*** INFORMATION PROVIDED
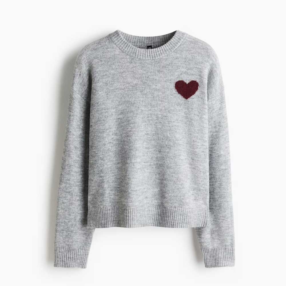 Be the first to review “Motif-Detail Sweater Gray melange/heart”
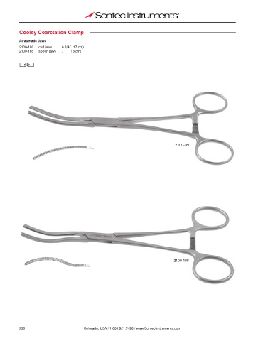 Cooley Coarctation Clamp Atraumatic Jaws 2100-180 cvd jaws 6 3/4˝ (17 cm) 2100-185 spoon jaws 7˝ (18 cm) 2100-180 2100-185 236 Colorado, USA / 1.800.821.7496 / www.SontecInstruments.com
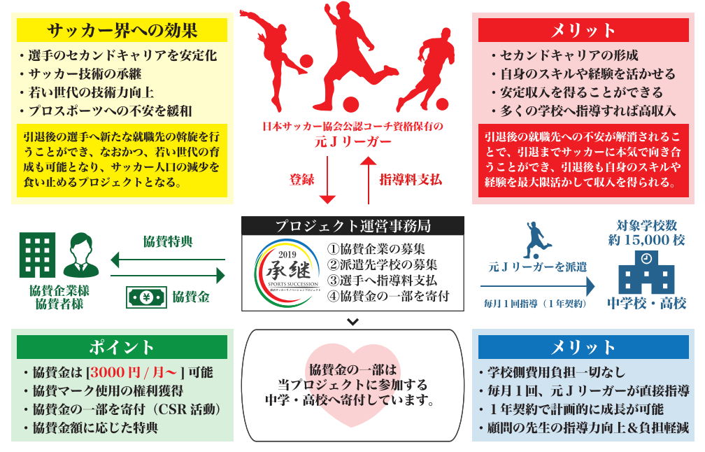 | 目的 | 公立高等学校の部活動に、元プロサッカー選手を指導者として派遣するため |
******
Strip out the pictures and reproduce the remaining material above exactly.

*ANSWER FOR THE TASK*
 Be the first to review “Motif-Detail Sweater Gray melange/heart”
 Cooley Coarctation Clamp Atraumatic Jaws 2100-180 cvd jaws 6 3/4˝ (17 cm) 2100-185 spoon jaws 7˝ (18 cm) 2100-180 2100-185 236 Colorado, USA / 1.800.821.7496 / www.SontecInstruments.com
 | 目的 | 公立高等学校の部活動に、元プロサッカー選手を指導者として派遣するため |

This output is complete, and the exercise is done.